Unlike MAML topics which must be well-formed XML, HTML files are not necessarily as strict in their conformance to such rules. End tags are not always present, the "/" in self-closing tags is not always present, entities are not always encoded correctly if at all, etc. As such, the HTML to MAML converter extracts key parts of the HTML files and uses a series of regular expressions paired with match evaluators to alter the HTML elements by replacing them with their MAML equivalents or removing them altogether.
While this will not guarantee a valid MAML topic, it will guarantee that no information is lost during the conversion. Building the converted topics reveals any missing end tags, unencoded entities, etc. which are easily fixed by editing the topics.
The conversion rules are stored in an XML configuration file. This file must reside in the same location as the converter's executable.
Conversion of a topic follows this general procedure using the rule definitions found in the configuration file:
Extract the key parts of the topic (metadata such as the title, attributes, and index keywords, and the body text).
Replace named entities with their numeric equivalent.
Replace markup wrapper HTML elements with a placeholder in the text so as not to alter their content in later processing.

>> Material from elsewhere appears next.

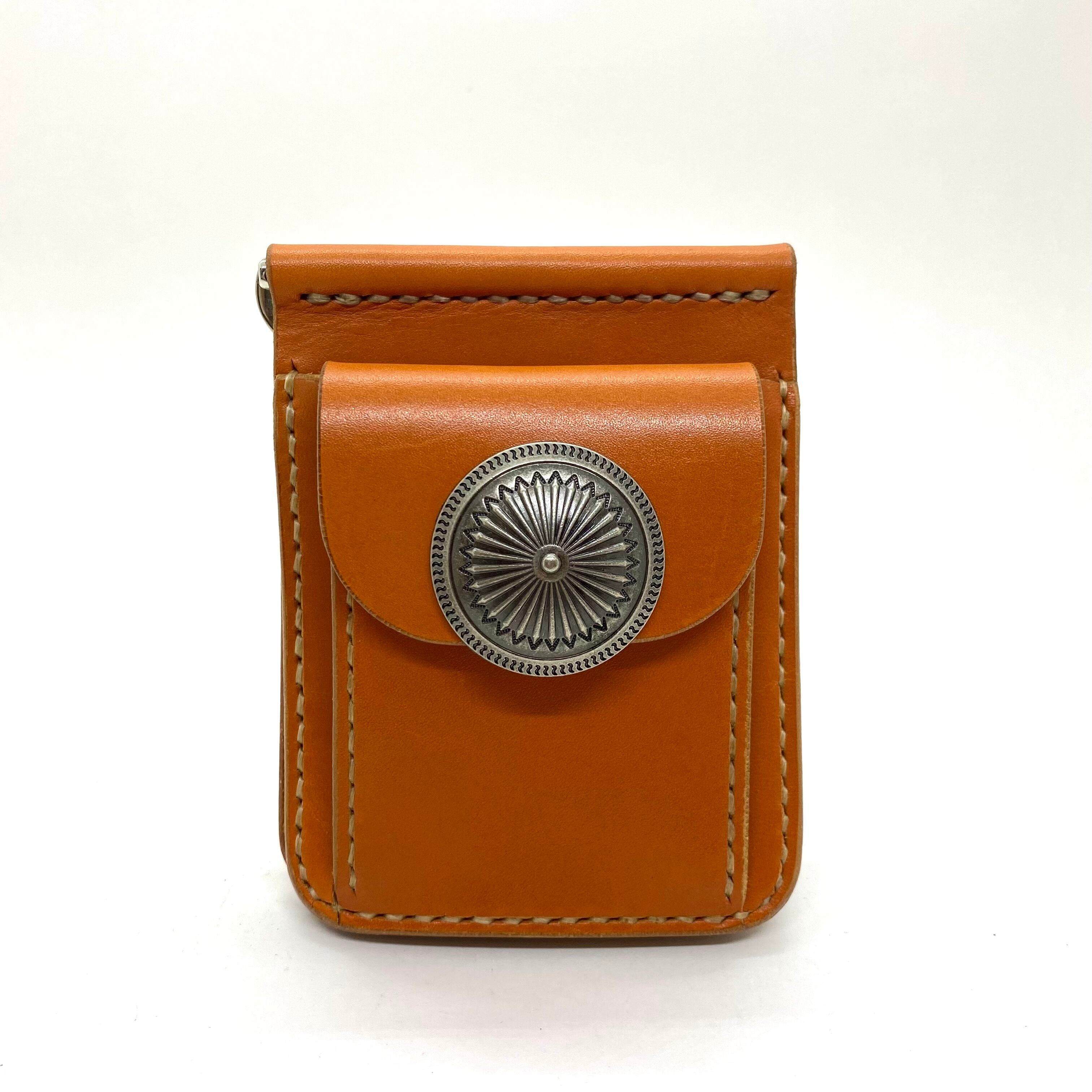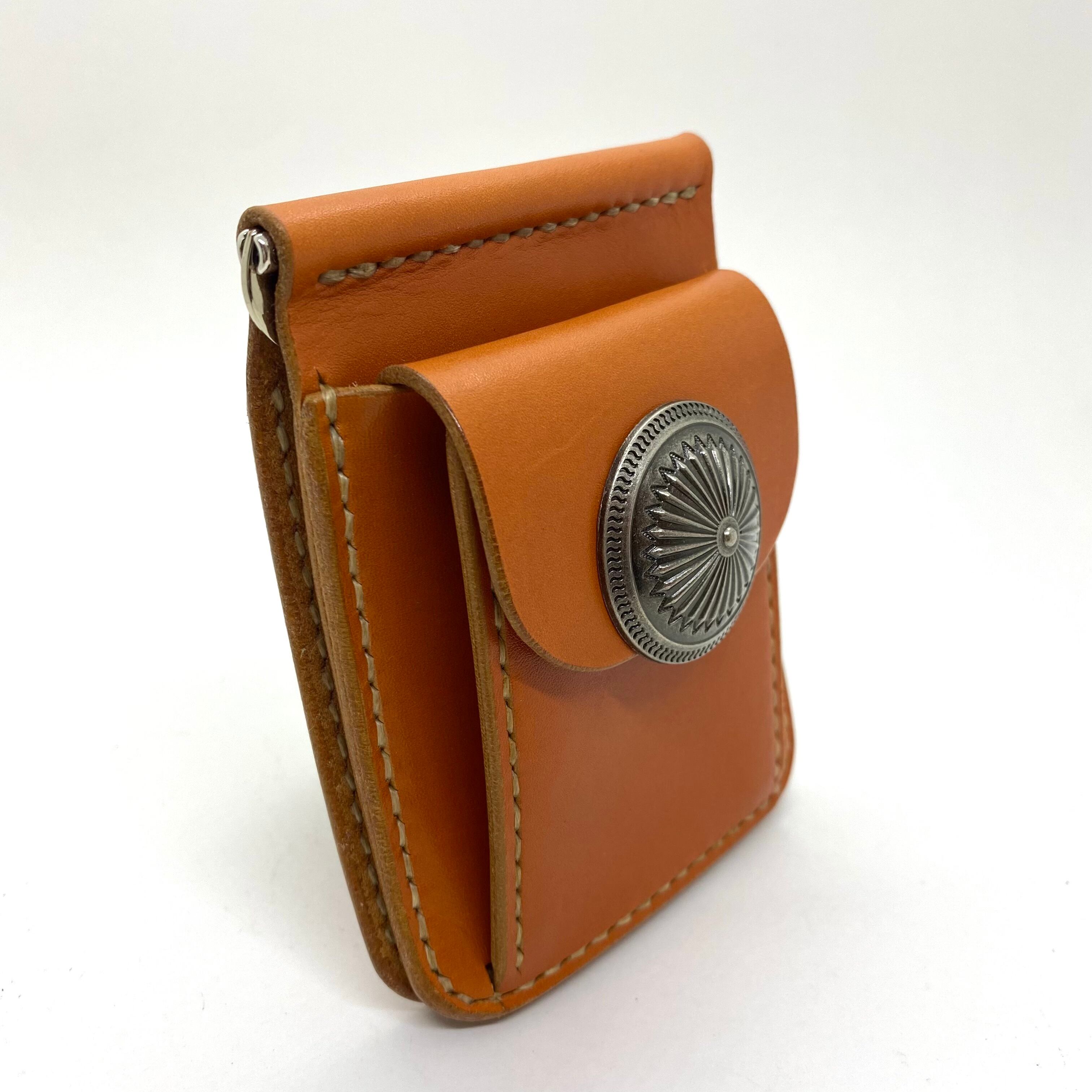 【即納☆送料無料】本革レザー ショート財布 マネークリップ フラワー コンチョボタン オレンジキャメル
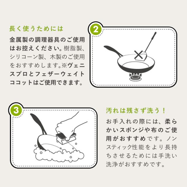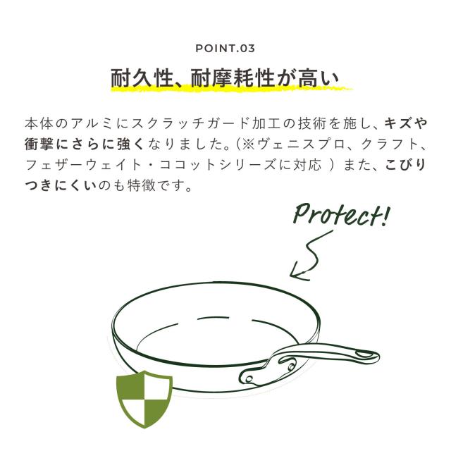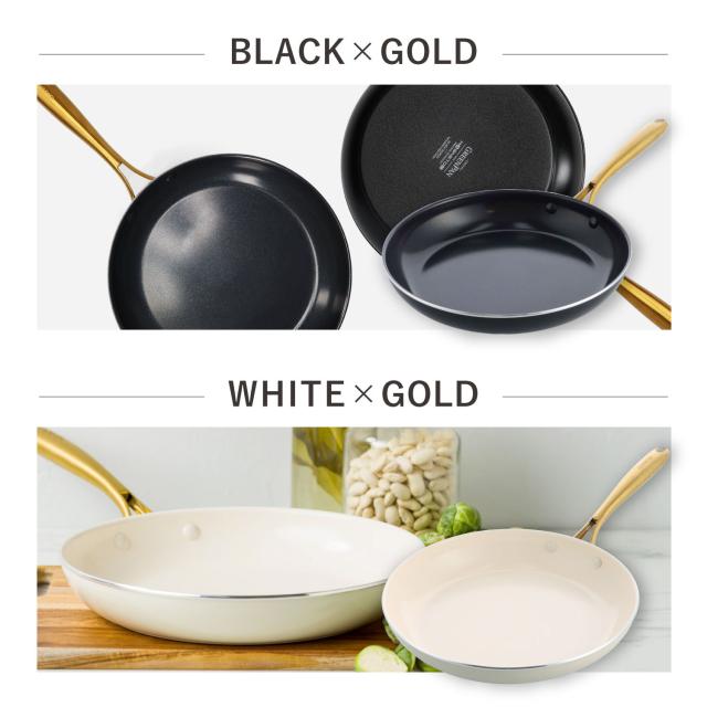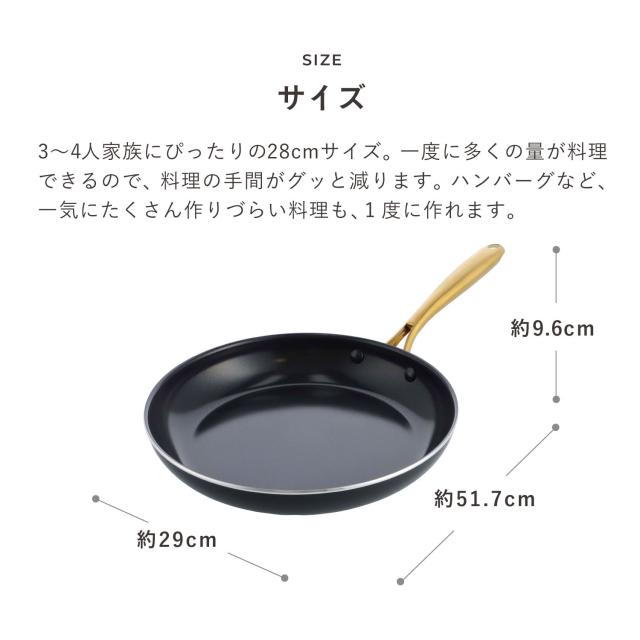 ノンスティック・セラミックコーティングが施され、熱伝導に優れたこびりつきにくいフライパンです。丸みのあるハンドルは中空になっているので軽く調理やお手入れをしやすい点も嬉しいポイントです。ブラックのボディとゴールドのハンドルの上品なデザインは調理後そのまま食卓にサービングするのもおすすめです。

Remove all HTML elements with no MAML equivalent.
Replace all HTML elements that do have MAML equivalents.
The following HTML elements are processed based on the context in which they are used:
a - Links to topics and external URLs
code - Inline code and code blocks
h1-h6 - Section headings
img - Image links
see - See Also references
These elements should not appear in any of the other rules.
Once done, the markup wrapper placeholders are replaced with their actual markup enclosed in a MAML markup element.
The converted topic is saved to the destination folder along with some supporting files.